● TASK PROMPT: As the answer, set down the lines below from the one containing "春ジャケット レディース ノーカラー" through the one containing "聊到天秤星座女生运势,那就让", exactly and inclusively, and no others.

● DATA:
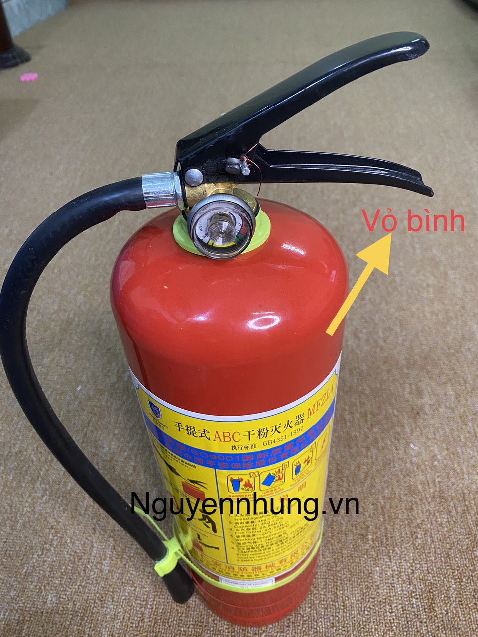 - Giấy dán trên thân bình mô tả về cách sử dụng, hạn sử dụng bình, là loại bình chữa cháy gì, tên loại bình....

==

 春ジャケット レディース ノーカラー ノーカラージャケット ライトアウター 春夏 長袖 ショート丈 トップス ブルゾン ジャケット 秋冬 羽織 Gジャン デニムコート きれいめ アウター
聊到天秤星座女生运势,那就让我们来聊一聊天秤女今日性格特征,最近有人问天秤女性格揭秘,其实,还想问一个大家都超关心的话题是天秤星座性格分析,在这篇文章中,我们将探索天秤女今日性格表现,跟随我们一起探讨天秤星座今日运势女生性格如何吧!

● RESPONSE:
 春ジャケット レディース ノーカラー ノーカラージャケット ライトアウター 春夏 長袖 ショート丈 トップス ブルゾン ジャケット 秋冬 羽織 Gジャン デニムコート きれいめ アウター
聊到天秤星座女生运势,那就让我们来聊一聊天秤女今日性格特征,最近有人问天秤女性格揭秘,其实,还想问一个大家都超关心的话题是天秤星座性格分析,在这篇文章中,我们将探索天秤女今日性格表现,跟随我们一起探讨天秤星座今日运势女生性格如何吧!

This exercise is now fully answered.